● **Data shown**:
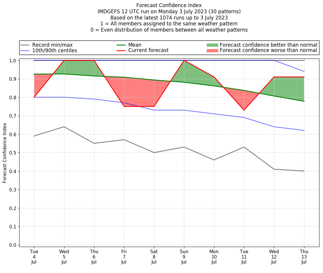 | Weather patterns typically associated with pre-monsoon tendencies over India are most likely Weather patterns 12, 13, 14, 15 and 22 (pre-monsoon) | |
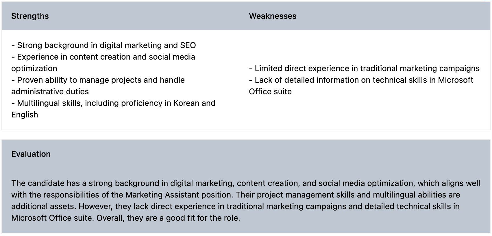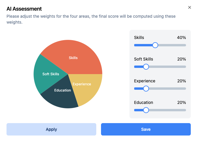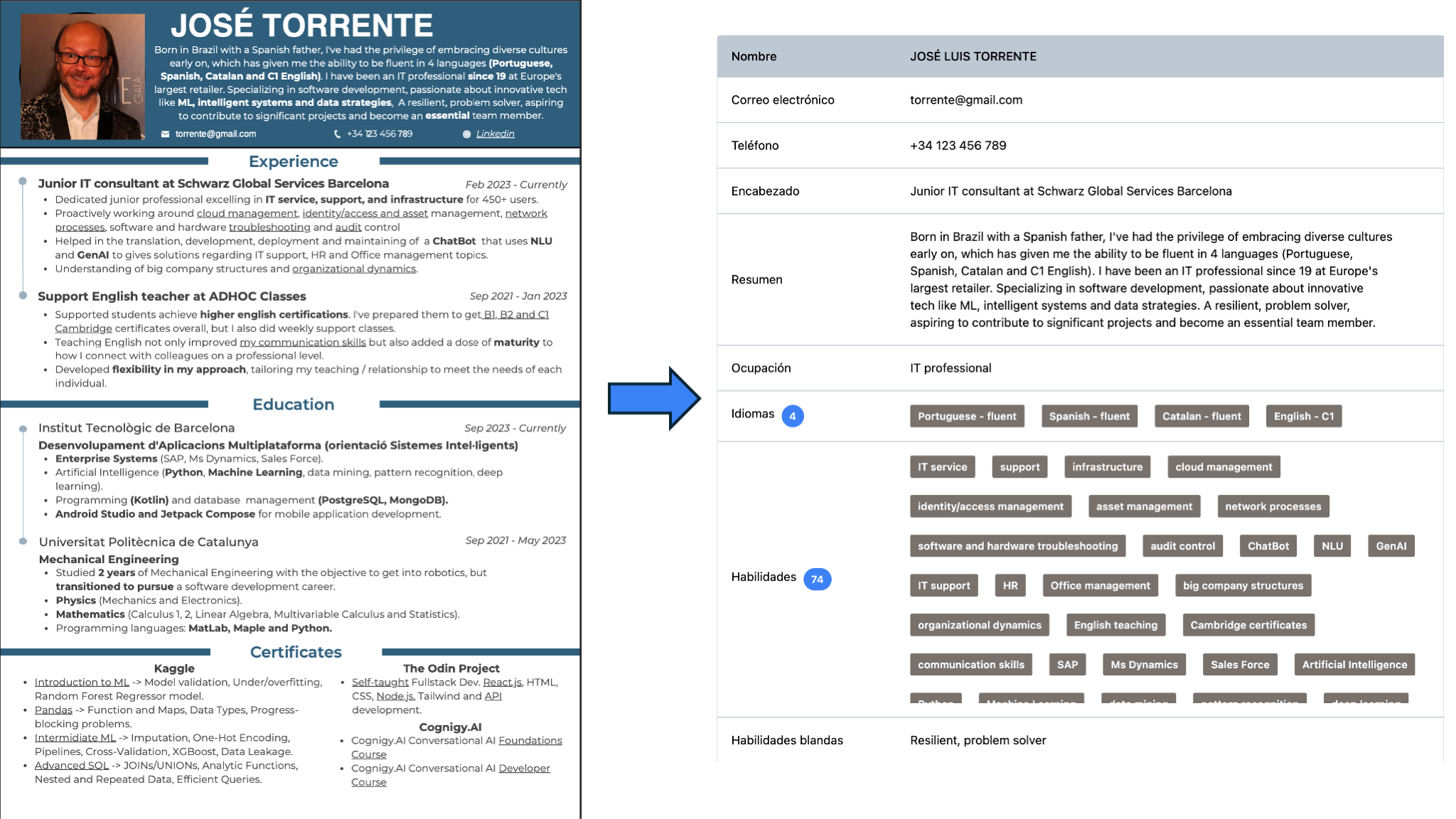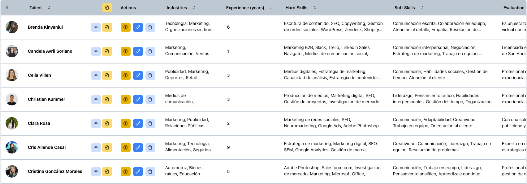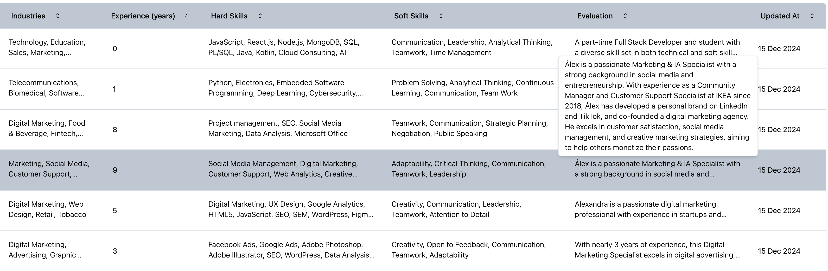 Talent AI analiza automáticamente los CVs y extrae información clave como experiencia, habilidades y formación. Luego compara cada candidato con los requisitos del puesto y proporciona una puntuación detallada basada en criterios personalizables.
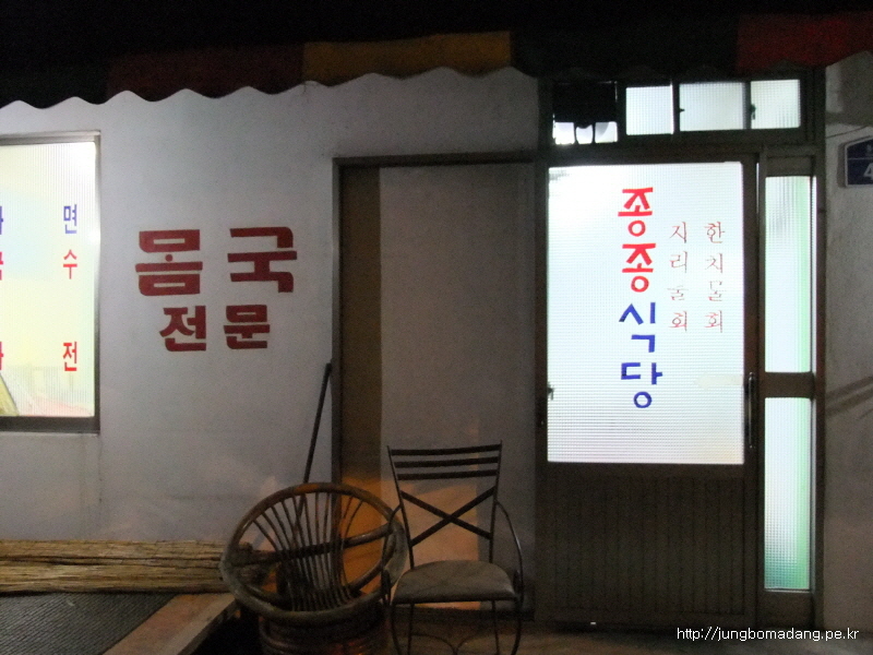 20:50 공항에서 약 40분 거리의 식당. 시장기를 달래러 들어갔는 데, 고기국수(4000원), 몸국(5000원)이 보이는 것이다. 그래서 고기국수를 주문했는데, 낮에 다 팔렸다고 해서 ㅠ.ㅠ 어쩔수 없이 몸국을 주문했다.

● **Work required**:
Omit any images, then output the listing exactly.

● **Solved exercise**:
 | Weather patterns typically associated with pre-monsoon tendencies over India are most likely Weather patterns 12, 13, 14, 15 and 22 (pre-monsoon) | |
 Talent AI analiza automáticamente los CVs y extrae información clave como experiencia, habilidades y formación. Luego compara cada candidato con los requisitos del puesto y proporciona una puntuación detallada basada en criterios personalizables.
 20:50 공항에서 약 40분 거리의 식당. 시장기를 달래러 들어갔는 데, 고기국수(4000원), 몸국(5000원)이 보이는 것이다. 그래서 고기국수를 주문했는데, 낮에 다 팔렸다고 해서 ㅠ.ㅠ 어쩔수 없이 몸국을 주문했다.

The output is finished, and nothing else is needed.